# Directions:
Could you please reproduce the entries exactly, leaving out any pictures?

[Records from a data source]
BEGIN
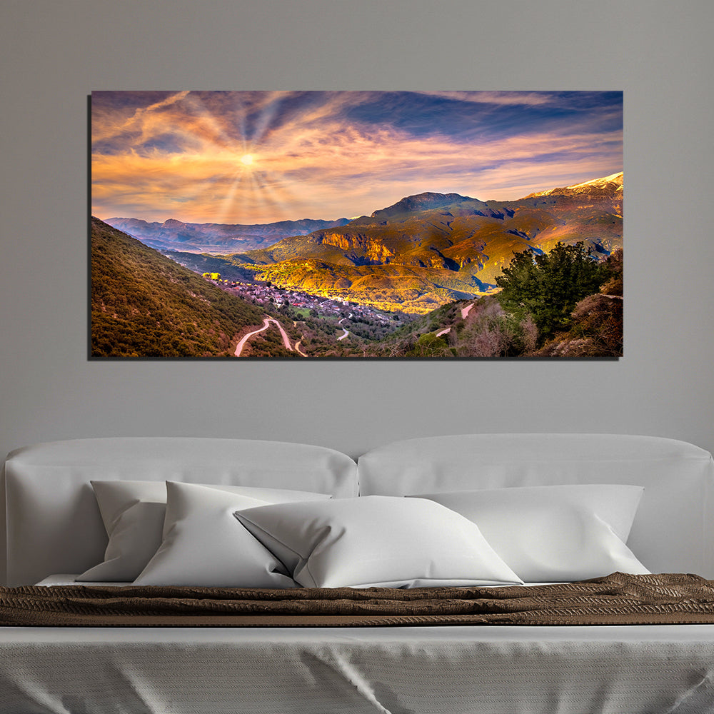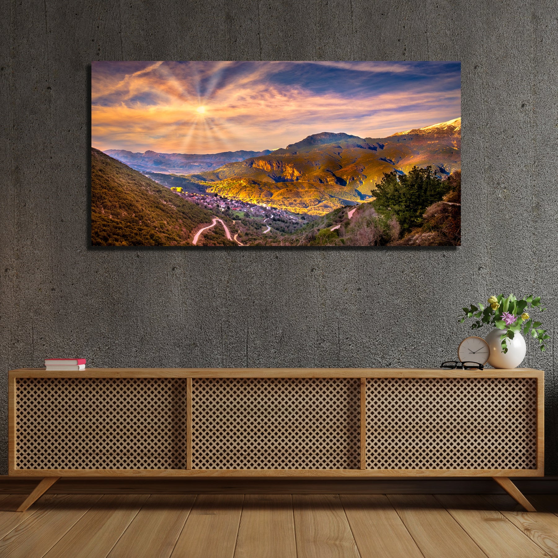 Beautiful Sunrise & Mountain View Canvas Wall Painting
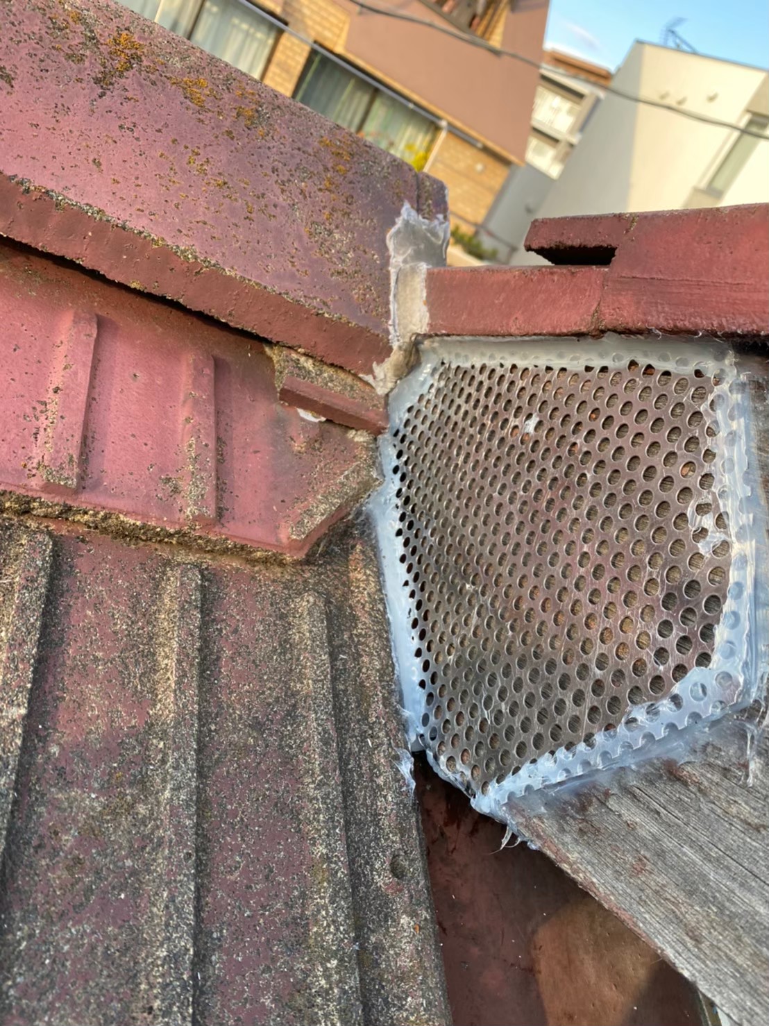 続いて、ネズミの再侵入を防ぐために、、パンチングメタルや金網、コーキング剤などを用いて侵入経路の封鎖を行います。
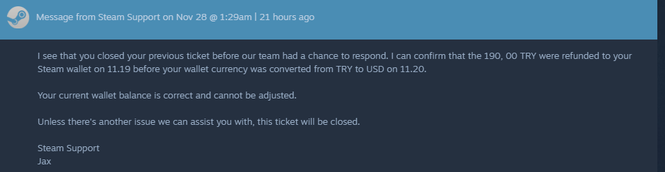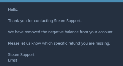 Steam, Türk lirası'ndan Dolar'a geçtiğinde, hesabımın bakiyesi -21 dolar oldu ve bu sırada bekleyen bir iadem vardı. İadem gerçekleştiğinde, -21 dolarlık bakiye -15 dolara düştü ve ben de Steam desteğe yazdım. Steam destek ekibi, bu -15 dolarlık bakiyeyi sildi, ancak iadem de bu eksi bakiyeyle birlikte silindi. Defalarca yazmama rağmen, hala bakiyemin doğru olduğunu iddia ediyorlar ve saçma cevaplar veriyorlar.
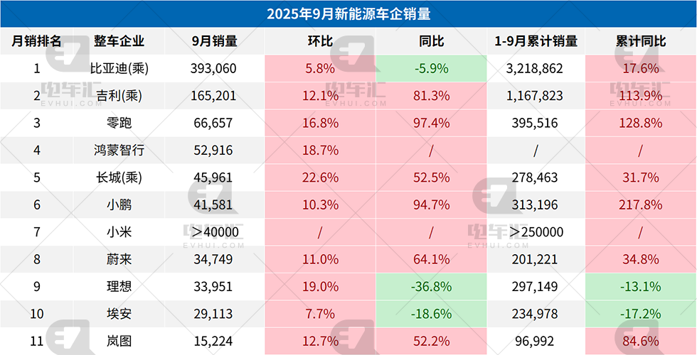 原文标题 : 9月新能源车企销量公布:比亚迪39.3万辆,吉利16.5万辆、零跑6.7万辆……
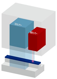 これに対して「PHM-400」は、自動XYステージに3Dセンサーと膜厚センサーのデュアルセンサーを搭載することで、保護膜がついたまま溝・エンボスの高さ測定を可能とします。
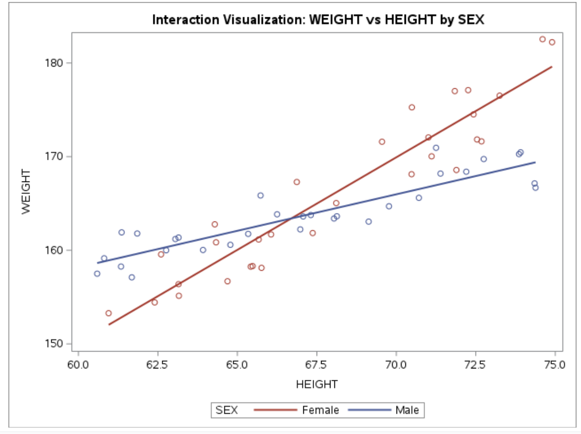 TITLE "Interaction Visualization: WEIGHT vs HEIGHT by SEX";
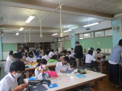 1年家庭科 黙々と素晴らしい集中力。
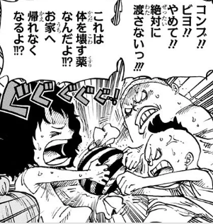 覚醒剤の禁断症状を起こしている子ども達に襲われる寸前のウソップとサンジ(ナミ)を助けたのは誰だったでしょう?
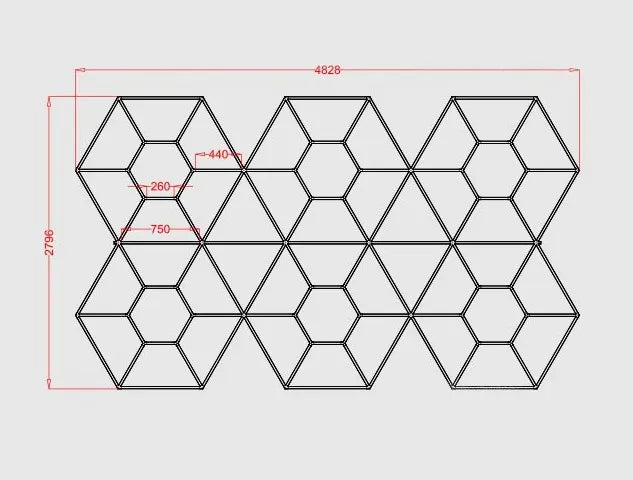 Illuminazione Led a soffitto esagonale a nido d’ape 4,8 x 2,8 mt
END
# Exercise response:
 Beautiful Sunrise & Mountain View Canvas Wall Painting
 続いて、ネズミの再侵入を防ぐために、、パンチングメタルや金網、コーキング剤などを用いて侵入経路の封鎖を行います。
 Steam, Türk lirası'ndan Dolar'a geçtiğinde, hesabımın bakiyesi -21 dolar oldu ve bu sırada bekleyen bir iadem vardı. İadem gerçekleştiğinde, -21 dolarlık bakiye -15 dolara düştü ve ben de Steam desteğe yazdım. Steam destek ekibi, bu -15 dolarlık bakiyeyi sildi, ancak iadem de bu eksi bakiyeyle birlikte silindi. Defalarca yazmama rağmen, hala bakiyemin doğru olduğunu iddia ediyorlar ve saçma cevaplar veriyorlar.
 原文标题 : 9月新能源车企销量公布:比亚迪39.3万辆,吉利16.5万辆、零跑6.7万辆……
 これに対して「PHM-400」は、自動XYステージに3Dセンサーと膜厚センサーのデュアルセンサーを搭載することで、保護膜がついたまま溝・エンボスの高さ測定を可能とします。
 TITLE "Interaction Visualization: WEIGHT vs HEIGHT by SEX";
 1年家庭科 黙々と素晴らしい集中力。
 覚醒剤の禁断症状を起こしている子ども達に襲われる寸前のウソップとサンジ(ナミ)を助けたのは誰だったでしょう?
 Illuminazione Led a soffitto esagonale a nido d’ape 4,8 x 2,8 mt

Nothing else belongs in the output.